*WHAT NEEDS TO BE DONE:* Take the lines below from the one with "COPS TURN OUT IN FORCE AT LONDON RALLY" through the one with "VARIOFACE module, with" and retype them exactly. Include nothing else, and no pictures.

━━━━━ DATA FOR PROCESSING ━━━━━

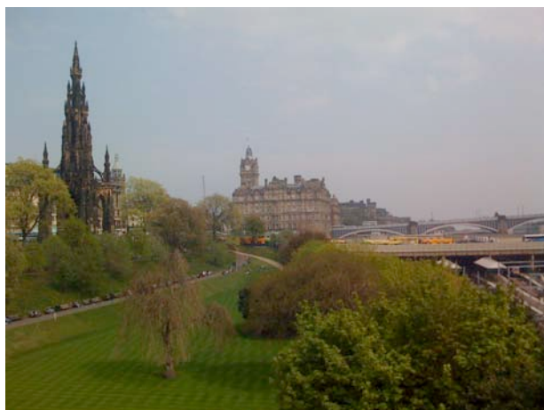
Princes St Gardens before the Festival
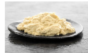
KUMIAGE YUBA (NO. 1)

The earliest harvested yuba - unctuous, rich and creamy with a smooth texture similar to burrata. So delicate it's notoriously difficult to harvest and can only be gathered with a scoop. Rich flavor & luscious texture for savory and sweet applications.
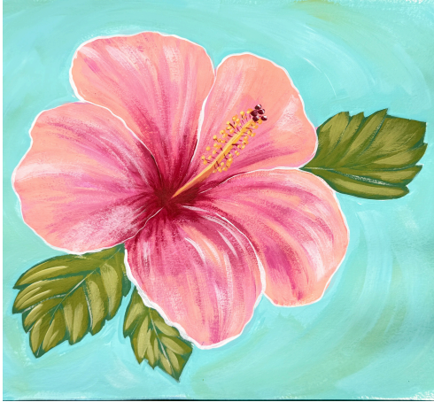
traced on paper - more conservative
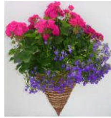
14" Cone Basket
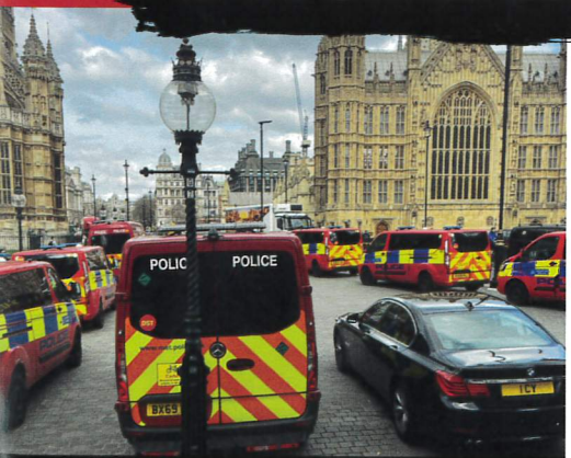
COPS TURN OUT IN FORCE AT LONDON RALLY
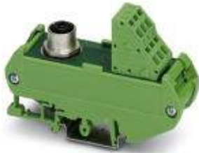
VARIOFACE module, with spring-cage terminal blocks and M12-SAC socket, 5-pos.

Please be informed that the data shown in this PDF Document is generated from our Online Catalog. Please find the complete data in the user's documentation. Our General Terms of Use for Downloads are valid ( http://phoenixcontact.com/download )
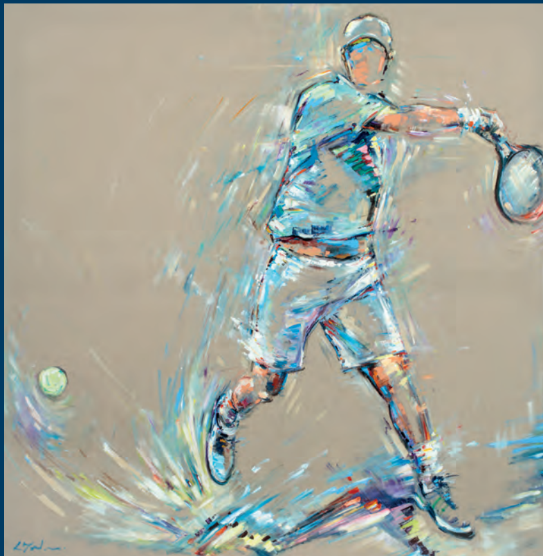
Bated Breath Oil on linen 54 x 54 inches

3 Seymour Place, Marylebone, London, W1H 5AZ Tel: +44 (0)207 935 3595 Email: enquiries@thompsonsgallery.co.uk

━━━━━

*RESULT FOR THIS EXERCISE:*
COPS TURN OUT IN FORCE AT LONDON RALLY
VARIOFACE module, with spring-cage terminal blocks and M12-SAC socket, 5-pos.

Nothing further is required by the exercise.